(Assignment)
Of the lines in the material below, print only those from the one containing "STRUTTURA IN LEGNO" to the one containing "Para dewa Tridasa", ends included, exactly as written and without pictures.

(Exercise input)
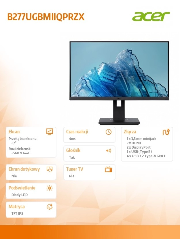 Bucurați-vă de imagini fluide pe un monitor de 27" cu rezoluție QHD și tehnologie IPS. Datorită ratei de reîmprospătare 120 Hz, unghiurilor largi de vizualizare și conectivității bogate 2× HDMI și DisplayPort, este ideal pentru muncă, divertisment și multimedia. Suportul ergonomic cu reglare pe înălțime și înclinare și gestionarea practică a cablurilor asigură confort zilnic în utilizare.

* * *

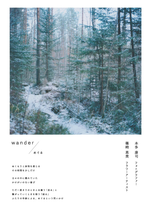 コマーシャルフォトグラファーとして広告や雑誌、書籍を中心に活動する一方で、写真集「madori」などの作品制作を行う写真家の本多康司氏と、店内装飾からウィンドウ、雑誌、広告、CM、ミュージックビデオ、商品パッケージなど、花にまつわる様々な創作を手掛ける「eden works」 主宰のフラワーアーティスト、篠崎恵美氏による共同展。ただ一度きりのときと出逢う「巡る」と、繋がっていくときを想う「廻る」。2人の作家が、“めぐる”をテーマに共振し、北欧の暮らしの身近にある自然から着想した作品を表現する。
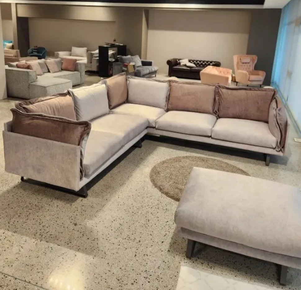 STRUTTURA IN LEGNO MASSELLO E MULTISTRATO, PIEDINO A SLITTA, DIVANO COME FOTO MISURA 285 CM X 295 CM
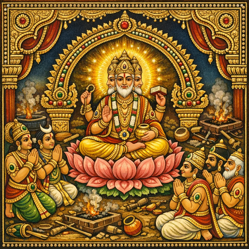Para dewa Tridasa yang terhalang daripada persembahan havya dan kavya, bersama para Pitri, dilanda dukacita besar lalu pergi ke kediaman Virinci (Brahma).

...

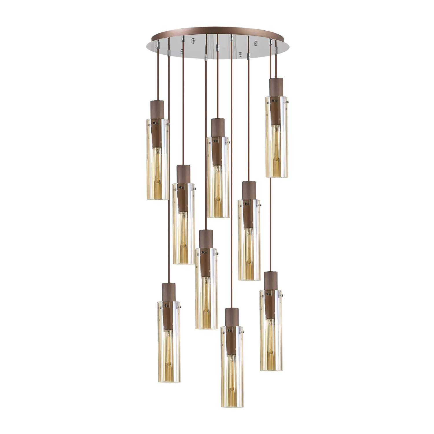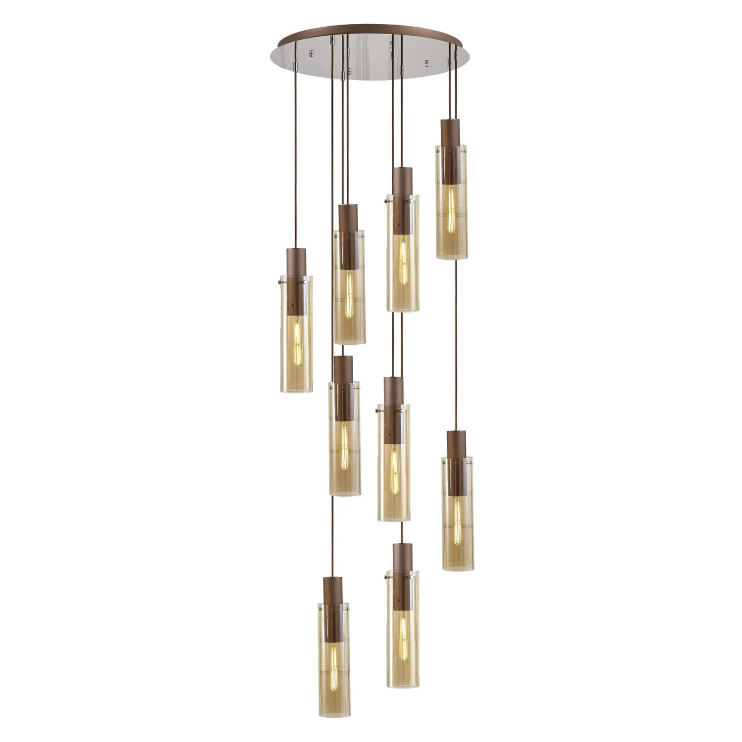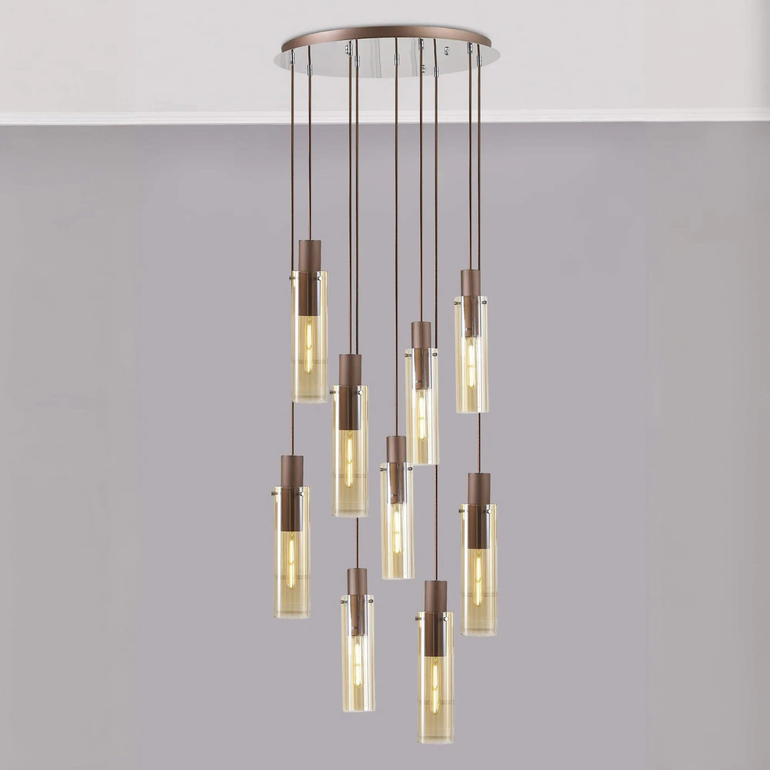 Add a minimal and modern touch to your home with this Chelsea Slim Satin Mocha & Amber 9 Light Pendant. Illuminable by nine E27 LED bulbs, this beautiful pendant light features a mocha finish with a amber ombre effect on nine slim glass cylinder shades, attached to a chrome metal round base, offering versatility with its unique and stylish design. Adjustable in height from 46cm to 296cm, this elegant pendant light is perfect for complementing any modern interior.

(The completed task)
 STRUTTURA IN LEGNO MASSELLO E MULTISTRATO, PIEDINO A SLITTA, DIVANO COME FOTO MISURA 285 CM X 295 CM
Para dewa Tridasa yang terhalang daripada persembahan havya dan kavya, bersama para Pitri, dilanda dukacita besar lalu pergi ke kediaman Virinci (Brahma).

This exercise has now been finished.